*Input for this task*
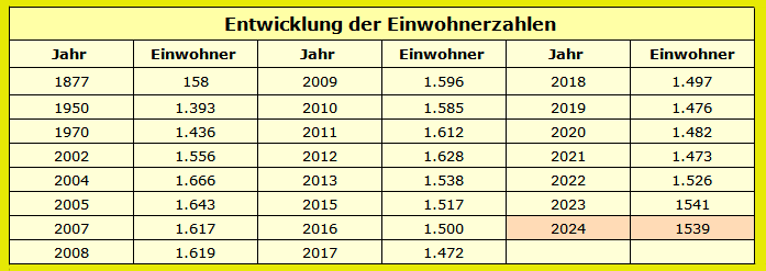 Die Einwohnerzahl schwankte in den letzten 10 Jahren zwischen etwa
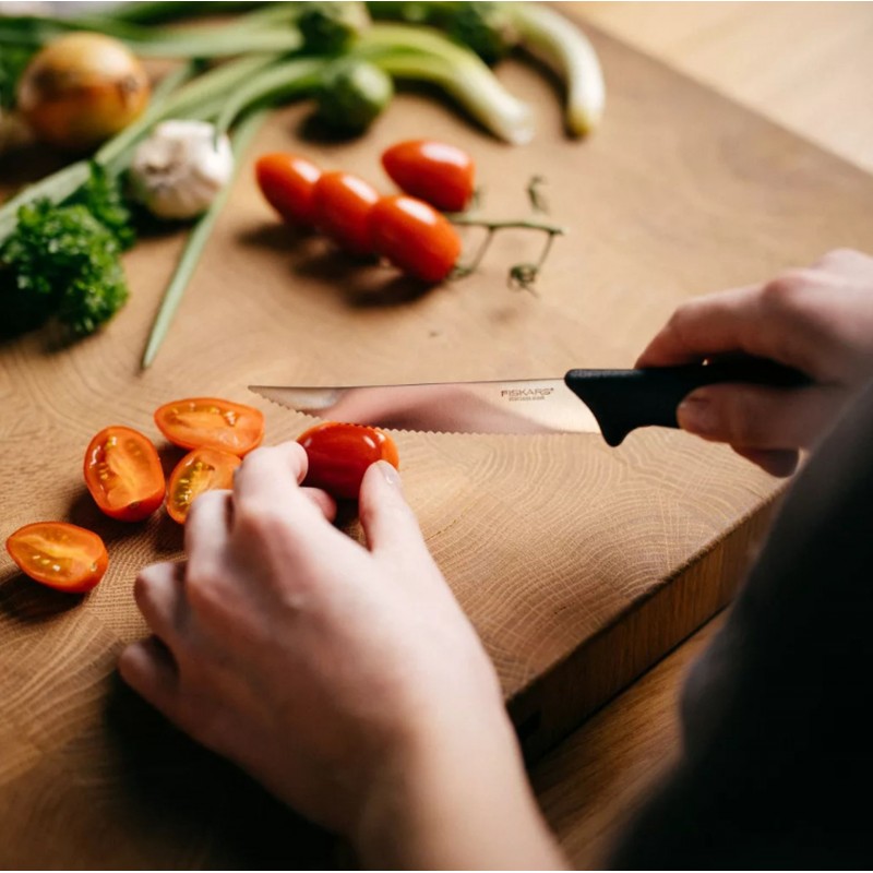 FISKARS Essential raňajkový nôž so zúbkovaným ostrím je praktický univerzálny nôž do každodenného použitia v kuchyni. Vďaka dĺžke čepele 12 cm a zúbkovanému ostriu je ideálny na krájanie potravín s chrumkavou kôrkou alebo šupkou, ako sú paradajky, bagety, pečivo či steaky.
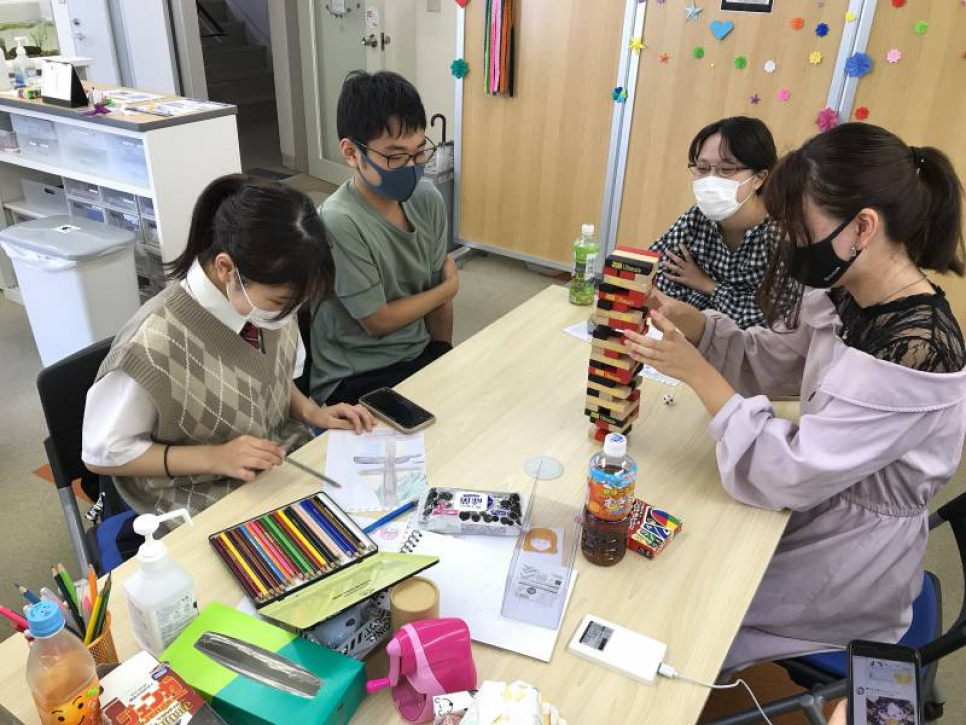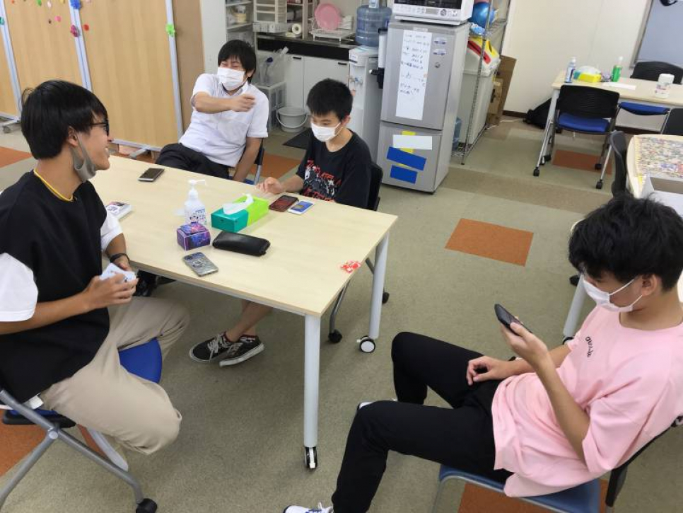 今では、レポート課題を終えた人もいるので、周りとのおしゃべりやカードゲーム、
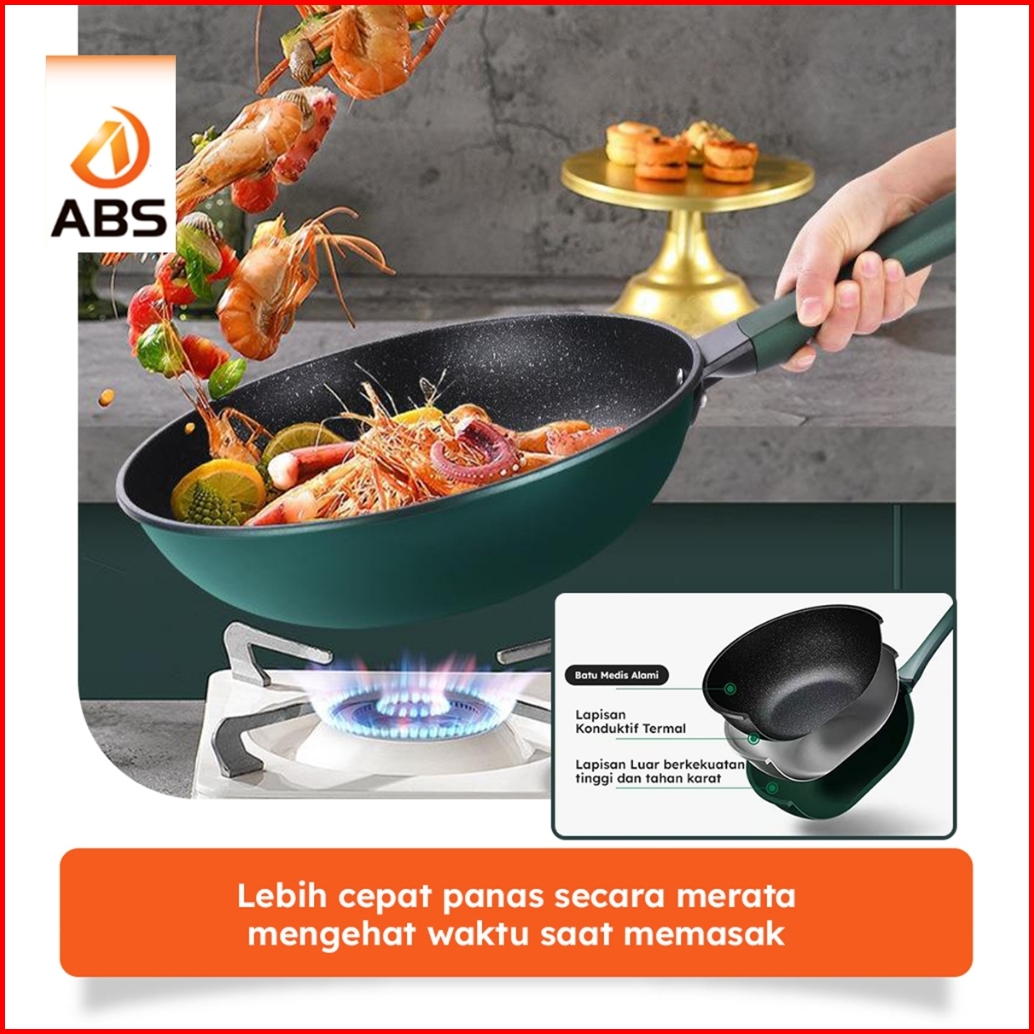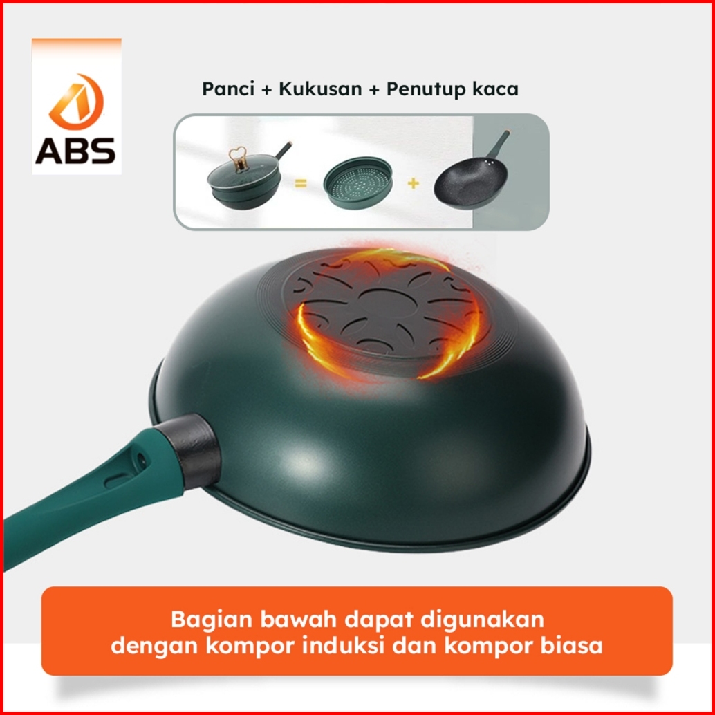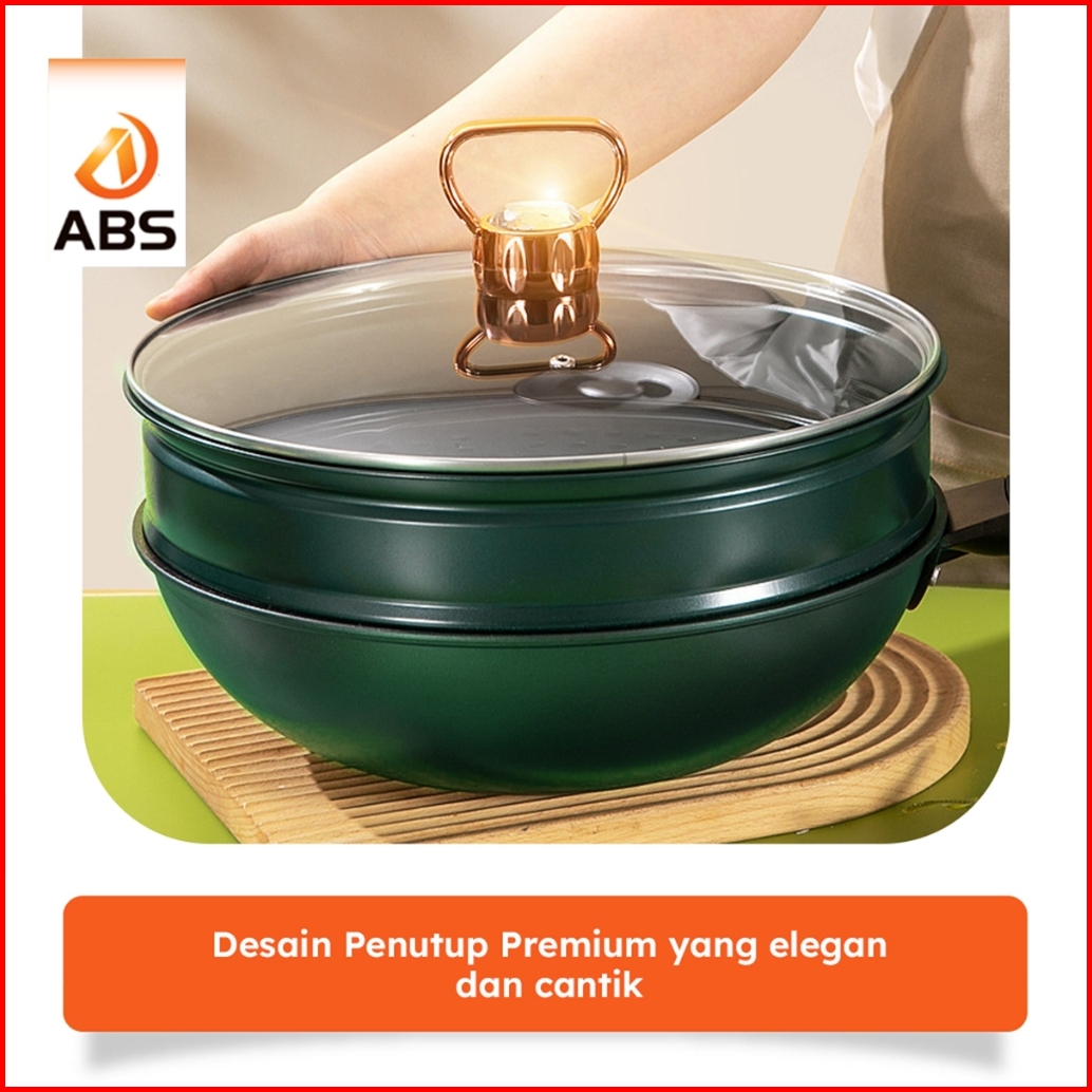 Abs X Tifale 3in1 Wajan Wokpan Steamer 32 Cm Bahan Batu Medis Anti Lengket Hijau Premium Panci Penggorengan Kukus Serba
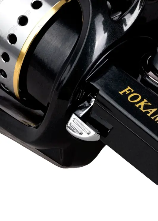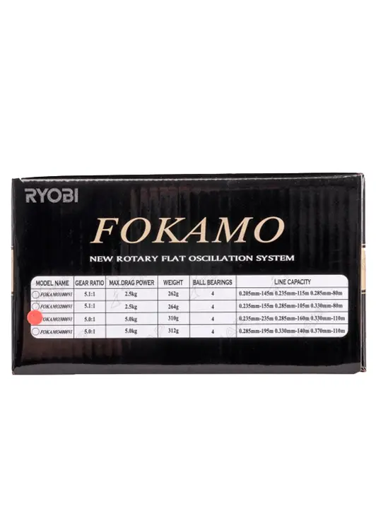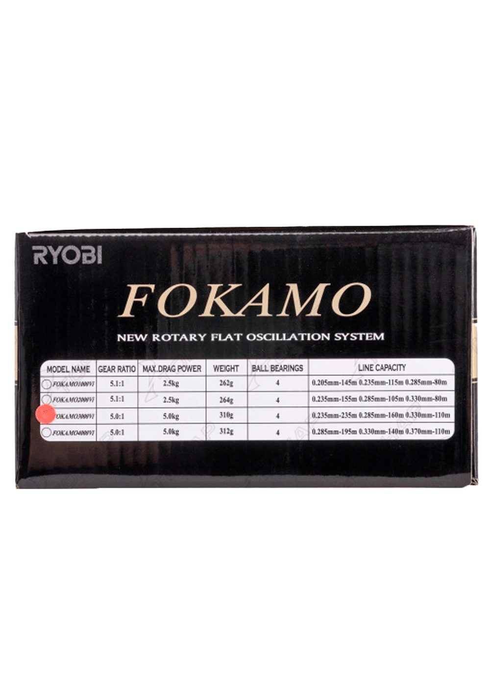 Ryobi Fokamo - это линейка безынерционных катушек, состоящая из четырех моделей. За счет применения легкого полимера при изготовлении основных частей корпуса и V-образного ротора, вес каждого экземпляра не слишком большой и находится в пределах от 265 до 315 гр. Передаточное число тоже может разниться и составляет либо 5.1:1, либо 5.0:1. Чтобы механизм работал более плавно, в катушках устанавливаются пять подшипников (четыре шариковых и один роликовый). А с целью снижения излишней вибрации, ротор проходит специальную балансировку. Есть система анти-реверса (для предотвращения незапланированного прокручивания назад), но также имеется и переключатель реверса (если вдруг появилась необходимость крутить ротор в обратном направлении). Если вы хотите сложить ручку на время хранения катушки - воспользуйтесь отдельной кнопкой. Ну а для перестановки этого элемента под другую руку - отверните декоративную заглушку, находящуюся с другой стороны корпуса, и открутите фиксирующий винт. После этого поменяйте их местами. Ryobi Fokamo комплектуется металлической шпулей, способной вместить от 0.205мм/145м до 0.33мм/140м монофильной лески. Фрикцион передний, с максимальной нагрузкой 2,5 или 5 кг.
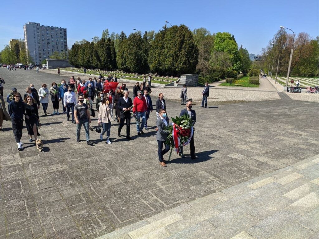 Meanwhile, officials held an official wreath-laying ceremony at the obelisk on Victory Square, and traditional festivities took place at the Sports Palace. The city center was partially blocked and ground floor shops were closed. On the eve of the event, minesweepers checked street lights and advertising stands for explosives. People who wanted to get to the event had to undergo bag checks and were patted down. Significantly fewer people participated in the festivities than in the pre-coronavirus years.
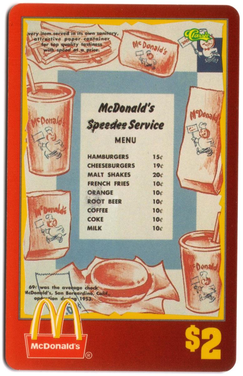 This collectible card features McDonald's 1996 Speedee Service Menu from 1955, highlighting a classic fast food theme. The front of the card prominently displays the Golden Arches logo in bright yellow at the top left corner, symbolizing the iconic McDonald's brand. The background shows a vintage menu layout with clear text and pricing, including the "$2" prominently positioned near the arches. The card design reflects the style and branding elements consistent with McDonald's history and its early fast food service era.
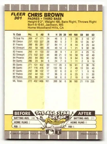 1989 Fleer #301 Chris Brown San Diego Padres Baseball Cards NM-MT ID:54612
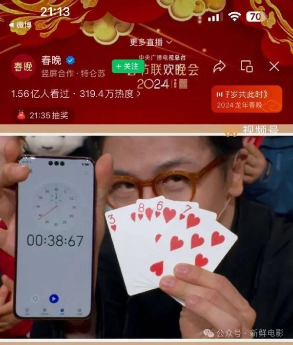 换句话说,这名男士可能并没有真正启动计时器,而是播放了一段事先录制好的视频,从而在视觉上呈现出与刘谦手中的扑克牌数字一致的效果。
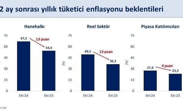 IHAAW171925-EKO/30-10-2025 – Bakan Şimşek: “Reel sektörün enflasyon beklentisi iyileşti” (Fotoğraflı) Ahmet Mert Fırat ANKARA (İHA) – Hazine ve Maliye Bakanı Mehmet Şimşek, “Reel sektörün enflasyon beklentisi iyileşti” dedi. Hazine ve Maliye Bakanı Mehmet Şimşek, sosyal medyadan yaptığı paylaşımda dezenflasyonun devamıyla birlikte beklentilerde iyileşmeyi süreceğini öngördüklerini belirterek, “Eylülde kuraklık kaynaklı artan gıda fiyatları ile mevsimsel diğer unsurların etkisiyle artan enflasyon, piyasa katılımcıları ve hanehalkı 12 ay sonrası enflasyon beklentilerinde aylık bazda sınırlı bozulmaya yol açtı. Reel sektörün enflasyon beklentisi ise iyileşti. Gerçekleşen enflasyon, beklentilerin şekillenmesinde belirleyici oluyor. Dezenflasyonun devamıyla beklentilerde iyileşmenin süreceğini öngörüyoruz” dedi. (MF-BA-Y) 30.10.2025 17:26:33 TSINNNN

*Work item*
Starting with the first line of the data above and ending with the line containing "Abs X Tifale", please restate every line exactly, leaving images out.

*Output*
 Die Einwohnerzahl schwankte in den letzten 10 Jahren zwischen etwa
 FISKARS Essential raňajkový nôž so zúbkovaným ostrím je praktický univerzálny nôž do každodenného použitia v kuchyni. Vďaka dĺžke čepele 12 cm a zúbkovanému ostriu je ideálny na krájanie potravín s chrumkavou kôrkou alebo šupkou, ako sú paradajky, bagety, pečivo či steaky.
 今では、レポート課題を終えた人もいるので、周りとのおしゃべりやカードゲーム、
 Abs X Tifale 3in1 Wajan Wokpan Steamer 32 Cm Bahan Batu Medis Anti Lengket Hijau Premium Panci Penggorengan Kukus Serba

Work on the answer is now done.